Did you know it’s pretty common to have an increase in anxiety symptoms during and following the flu? In episode 255, I received a question from a listener struggling with poor sleep, anxiety and panic after recently being ill. In this post, I take a look at why this occurs and what you can do to help get yourself back on track.
Hello sir, I am from India. Recently recovered from flu, after that my sleeping pattern and anxiety killing me…
Feels like gasping for air when i asleep..Too much negative thoughts…Even before, I had bad sleeping pattern.. Waking up in the middle of the night..
Help me sir, From no psychiatrists or psychology in my area…. Still mental health considered as taboo
Thanks for writing in. I’m particularly proud of you for recognizing the need for mental health resources when you don’t have them readily available in your area. I think that it’s pretty common to have an increase in anxiety symptoms during and following a flu. I can imagine that it is probably even worse right now during the COVID-19 pandemic, which is still impacting parts of the world significantly.
It’s interesting that I came across this question this week because I’ve been working on my anxiety workbook and the part that I was working on this Monday was about what we call interoceptive cues. Funny enough, I bash this terminology in my TEDx talk, but a lot of anxiety is due to a process called misattribution of interoceptive cues.

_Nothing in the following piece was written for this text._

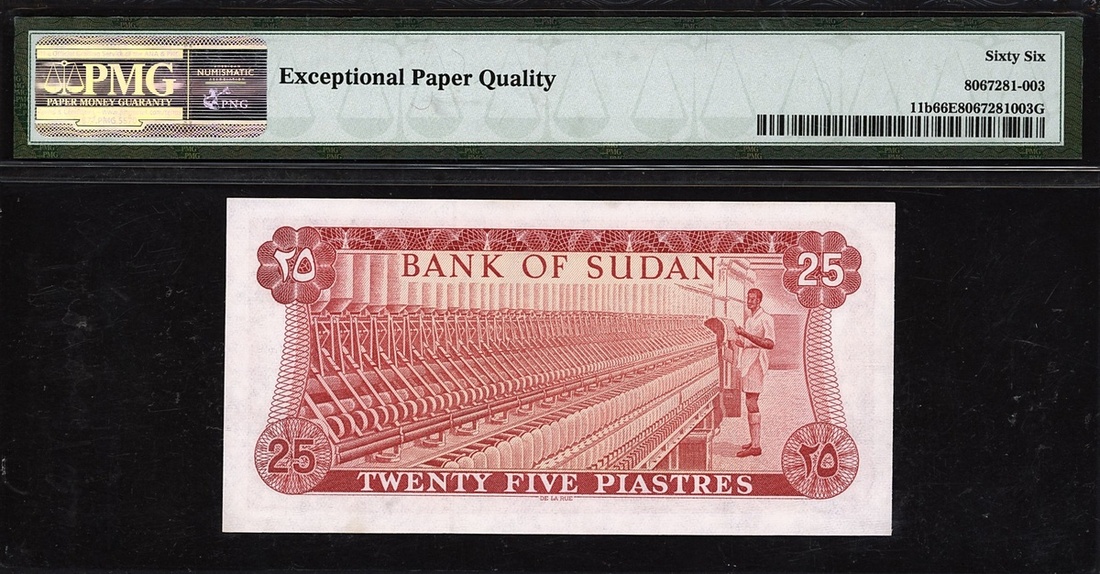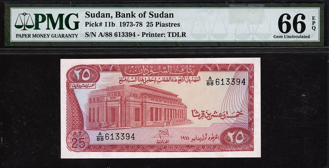 (x) Bank of Sudan, 25 piastres, 1973-78, serial number A/88 613394, (Pick 11b), in PMG holder 66 EPQ Gem Uncirculated

I’ll explain what it means, though.
What the heck are interoceptive cues?
If you think about how you felt the night before a very exciting day like a holiday or a birthday etc. The feelings that you had probably were things like jittery anticipation, you may have had predictions and thoughts about what might happen the next day, maybe your heart was racing… all of these things sound pretty similar to anxiety. The thing is, you don’t freak out and get scared of these feelings. You don’t interpret them as anxiety. When you have anxiety, it can be like a giant magnifying glass. Something happens inside your body that is odd, but not dangerous. But your anxiety latches on to it and convinces you that something is really wrong. So when we say interoceptive cues, we mean these signs from inside your body that signal that you are anxious. When we say misattribution, that means you are noticing cues that are normal, but think they are signs of danger or indications that you are having anxiety.
What can I do to help?
There are a few things you can do that might help. First is to build some tolerance for these internal cues. If you google “anxiety induction exercises” or check out my online course, you can find some ideas of ways to do this. For you, the one that comes to mind is breathing through a narrow straw for two minutes at a time. There is something really powerful about inviting anxiety in rather than avoiding it. Avoidance is what makes anxiety bigger. It wants to come in out of nowhere and run the show. If you can summon anxiety and prove to your body that you can actually endure it, you can gain mastery over it. It’s not just a simple once-and-done situation. But over time, if you can stop letting anxiety derail you and stop you, you will eventually become more tolerant to those cues and experience less anxiety overall. Anxiety itself cannot hurt you. Even if you have a full-blown panic attack in the middle of the night. It sucks. It feels terrible, but it won’t hurt you.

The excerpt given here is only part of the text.